Granted, I did like the fast-paced action music during the big battles when it became do-or-die score settling time.

Anyway, that's not to say all sound is bad and the speakers are best left off. Lightning rumbles and crashes, death throes are ghastly, and faraway shrieks portend to imminent danger. Sometimes a disconcerting tune hums quietly as you tread unfamiliar ground.
But it's only sometimes. And then BOINK happens.

Storyline: 4/5
This is where the better attributes lie.
Jonathan Miller, the protagonist, meets with several other "guests" in the castle, all looking for the same thing : the exit. Where Castle Red runs strong is in using brief interactions with each guest to clearly define their individual levels of fear and distrust. Once the player has a good idea as to who's useful, who's worth protecting, and who's worm food, the situation is ripe for upending. I shall speak no spoiler, but let's just say some character's actions are surprising and their motivations only become clear after the fact.

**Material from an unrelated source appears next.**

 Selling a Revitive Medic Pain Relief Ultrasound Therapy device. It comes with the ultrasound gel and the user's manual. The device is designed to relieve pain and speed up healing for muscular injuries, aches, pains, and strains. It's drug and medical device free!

Now, I've always posited that a horror feature stops being scary when it devolves into run-from-the-maniac schlock. The many minions of evil aside, Jonathan's relations with other guests and the enigmatic maid sometimes turns into a kerfuffle on the physical plane, but his primary antagonist exists as an obscure, omnipotent force; more a religion than anything else. Castle Red's creator has expressed interest in making a series out of this. In spite of six different endings offering their own degrees of closure, the door is still wide open to that possibility.

Gameplay: 4/5
Unlike the weaker Horror elements, Survival aspects are alive and well played.
Most of the action is handled with a simple stealth system. Inexplicable crazies are found in the less lit areas of the castle, watching for intruders whom they can feast on the remains of. Jonathan's goal is to avoid confrontation with as many as possible because his lifespan is game-limited and only so many defensive weapons are available. There are no safe bedrooms to sleep in, no healing fountains to re-visit, and no potion peddling merchants to alleviate his hardships.
The downside to this approach is that it contributes to a frugal Save-and-Load playstyle. If your lifepoints are limited, no sane player will allow a single point to go to waste if they can help it. In hindsight, the expectation to reload your save is yet another reason the game isn't very scary.

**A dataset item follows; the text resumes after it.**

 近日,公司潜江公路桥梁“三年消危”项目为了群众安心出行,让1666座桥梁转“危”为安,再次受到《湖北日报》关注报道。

Sneaking around undetected, being puzzle'ish in itself, is complimented by the abundance of actual puzzles. Fully exploring the castle means finding secret passageways, and defeating certain enemies often requires a more clever execution than your weapons at hand (no pun intended). Despite taking place in a single castle, the game remains fresh by opening new and interesting areas and ushering forth unusual obstacles.
And when I say unusual, I do mean unusual...


I need sheep's blood. Good thing there's a sheep hanging around this lava.


Overall: 3/5
For the first in a series, Castle Red shows promise. The creator's handle on writing and gameplay is sure enough, but major effort in the aesthetics field will be needed if a genuine masterwork of survival horror is ever to be made.